• [Assignment]:
With pictures left out, output exactly the lines of the listing below from the line that has "If you don’t" to the line that has "This slim fit", both lines kept.

• [Listed entries]:

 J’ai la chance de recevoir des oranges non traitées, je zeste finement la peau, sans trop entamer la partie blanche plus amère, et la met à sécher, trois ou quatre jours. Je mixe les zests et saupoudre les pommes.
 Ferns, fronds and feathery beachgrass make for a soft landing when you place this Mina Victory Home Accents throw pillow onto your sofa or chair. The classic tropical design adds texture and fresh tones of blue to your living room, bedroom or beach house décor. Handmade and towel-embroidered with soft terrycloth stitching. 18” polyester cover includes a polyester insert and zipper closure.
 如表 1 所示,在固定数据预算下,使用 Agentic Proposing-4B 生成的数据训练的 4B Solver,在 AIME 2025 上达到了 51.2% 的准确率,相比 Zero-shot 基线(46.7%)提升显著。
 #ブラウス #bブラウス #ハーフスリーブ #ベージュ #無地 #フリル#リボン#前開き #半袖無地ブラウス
...
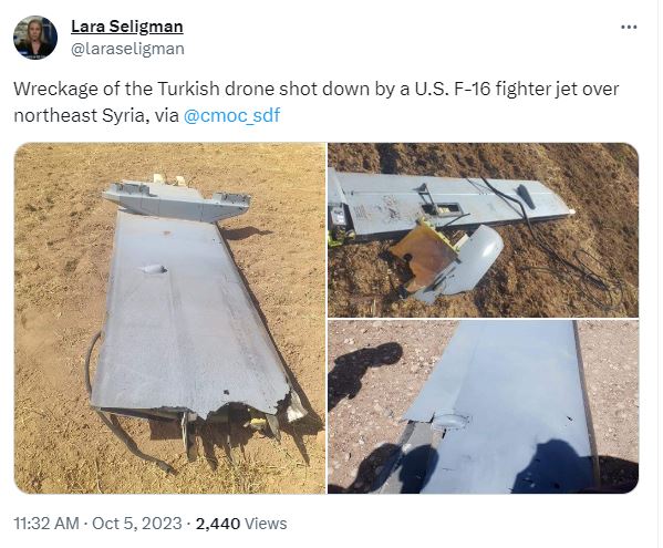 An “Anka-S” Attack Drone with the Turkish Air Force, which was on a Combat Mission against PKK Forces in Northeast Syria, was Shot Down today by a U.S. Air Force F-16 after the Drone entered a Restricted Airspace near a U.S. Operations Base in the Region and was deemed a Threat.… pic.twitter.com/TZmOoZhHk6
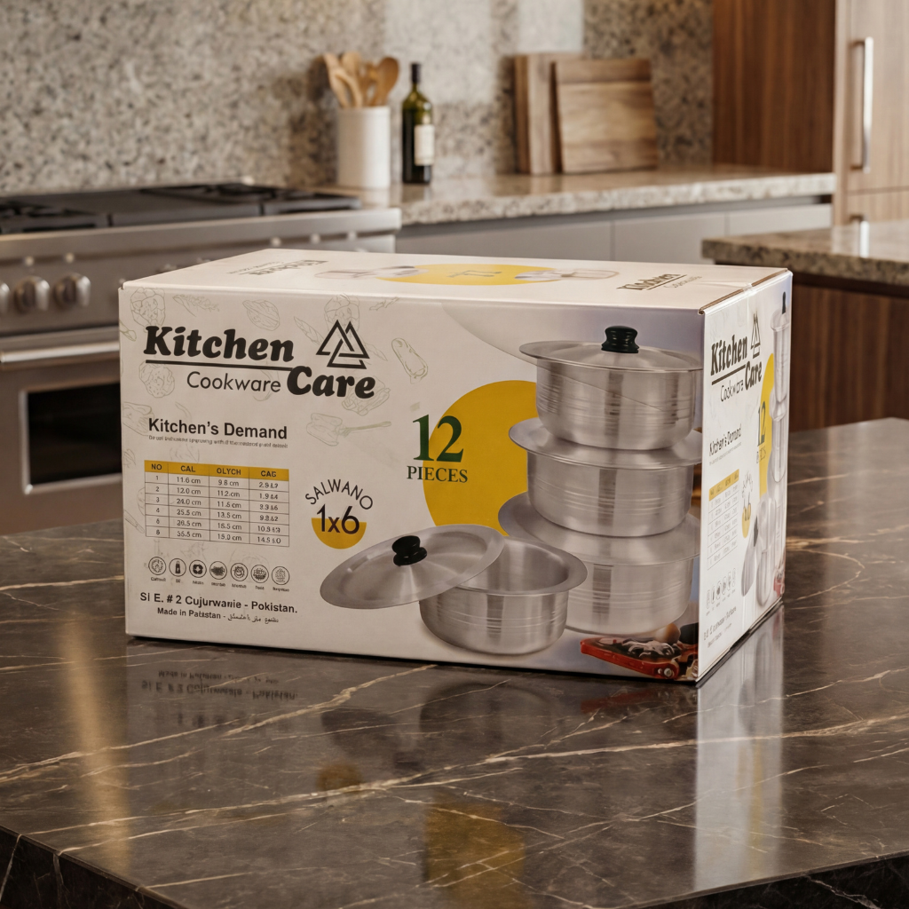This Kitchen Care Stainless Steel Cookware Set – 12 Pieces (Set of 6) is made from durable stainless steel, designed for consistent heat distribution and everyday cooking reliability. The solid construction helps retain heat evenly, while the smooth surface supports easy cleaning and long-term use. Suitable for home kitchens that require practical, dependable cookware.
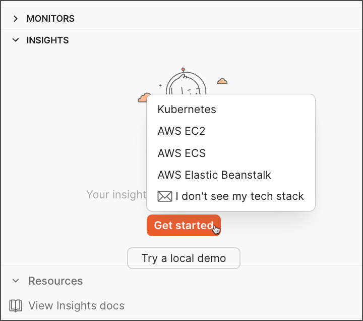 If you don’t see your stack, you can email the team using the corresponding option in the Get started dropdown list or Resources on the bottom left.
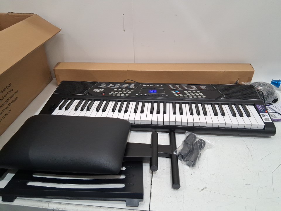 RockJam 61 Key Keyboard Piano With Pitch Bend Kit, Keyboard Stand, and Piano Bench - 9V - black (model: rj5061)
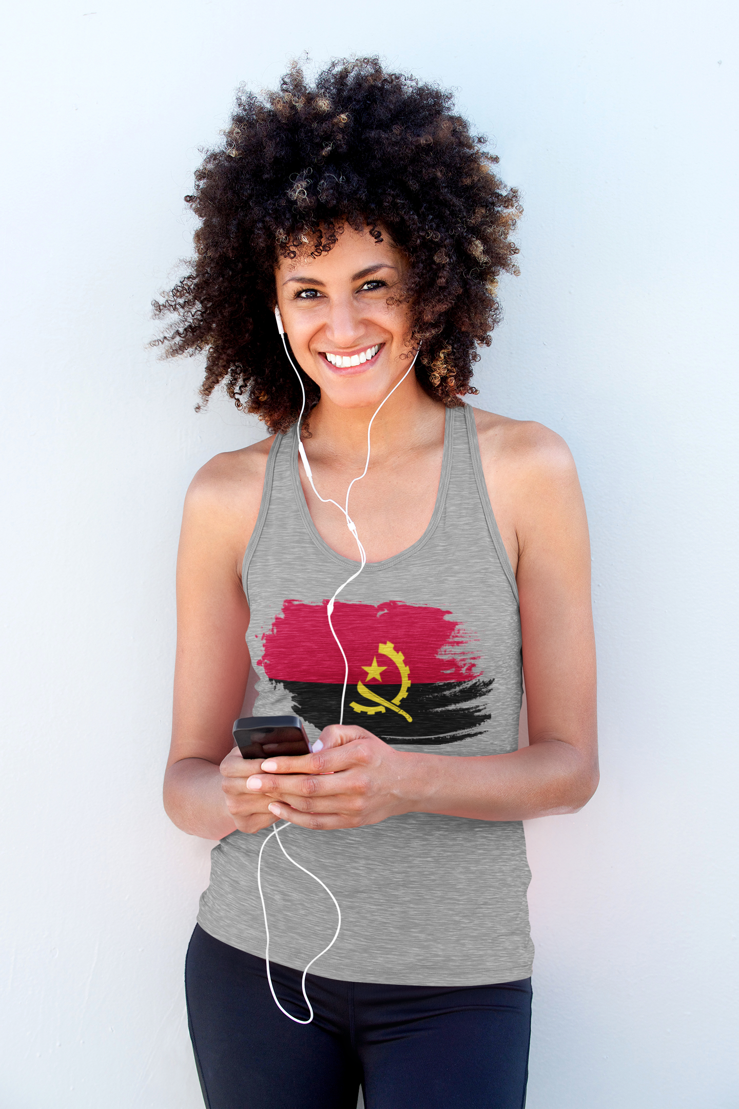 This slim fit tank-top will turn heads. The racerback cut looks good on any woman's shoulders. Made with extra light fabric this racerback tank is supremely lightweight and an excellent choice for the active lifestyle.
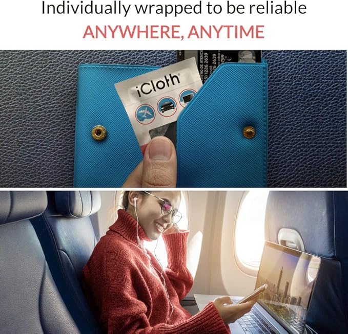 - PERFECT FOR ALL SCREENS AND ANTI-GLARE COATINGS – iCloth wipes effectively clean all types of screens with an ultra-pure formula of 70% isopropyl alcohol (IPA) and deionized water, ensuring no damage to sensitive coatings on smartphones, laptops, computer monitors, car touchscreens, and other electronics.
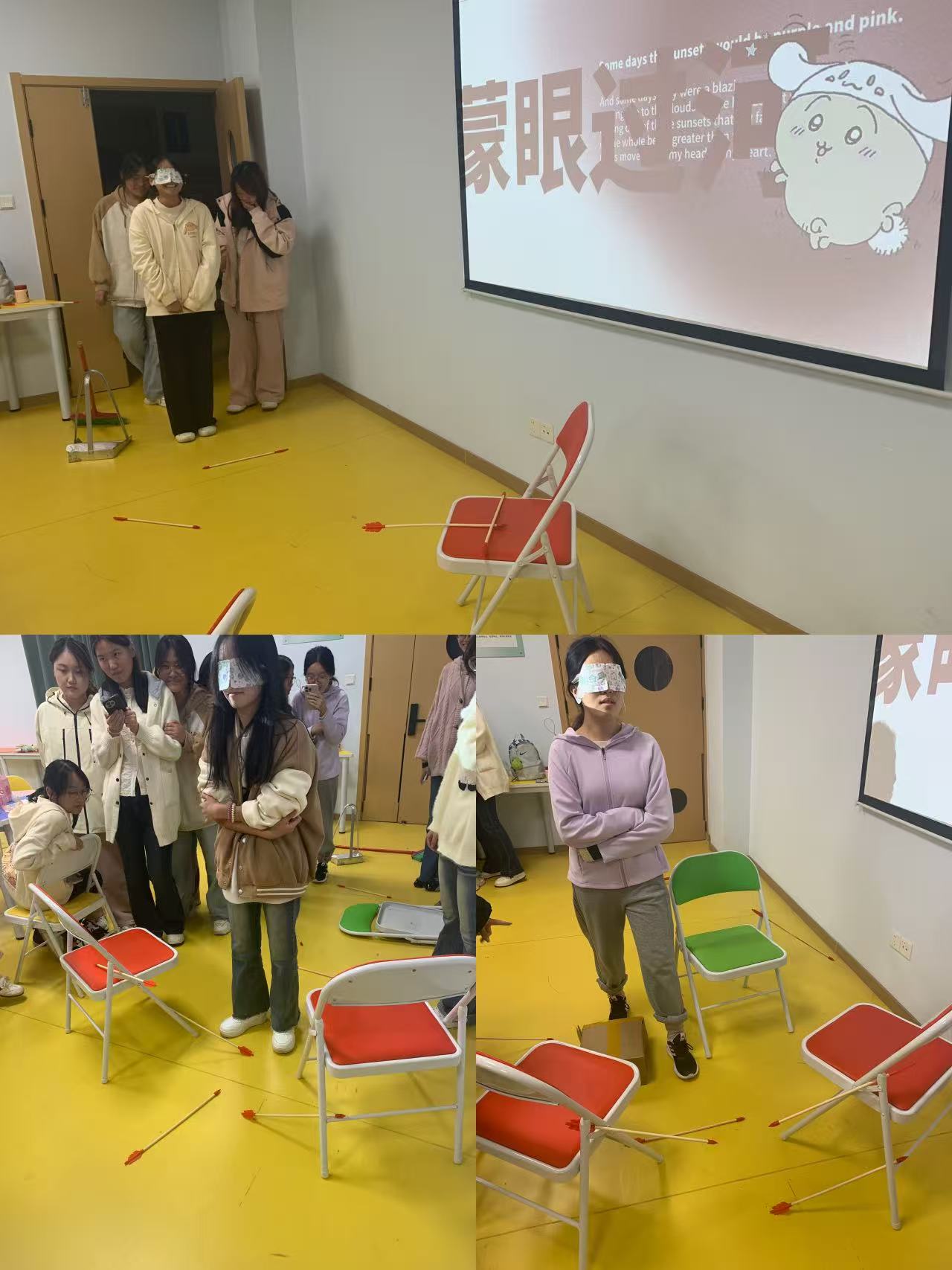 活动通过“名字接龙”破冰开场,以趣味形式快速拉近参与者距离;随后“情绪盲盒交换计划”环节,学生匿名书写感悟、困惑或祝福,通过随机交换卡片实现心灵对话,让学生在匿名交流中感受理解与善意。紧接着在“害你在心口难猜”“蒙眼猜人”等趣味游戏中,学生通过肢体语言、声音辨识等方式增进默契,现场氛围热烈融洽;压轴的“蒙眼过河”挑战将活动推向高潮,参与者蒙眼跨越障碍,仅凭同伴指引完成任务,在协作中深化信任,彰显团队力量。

• [Solution]:
 If you don’t see your stack, you can email the team using the corresponding option in the Get started dropdown list or Resources on the bottom left.
 RockJam 61 Key Keyboard Piano With Pitch Bend Kit, Keyboard Stand, and Piano Bench - 9V - black (model: rj5061)
 This slim fit tank-top will turn heads. The racerback cut looks good on any woman's shoulders. Made with extra light fabric this racerback tank is supremely lightweight and an excellent choice for the active lifestyle.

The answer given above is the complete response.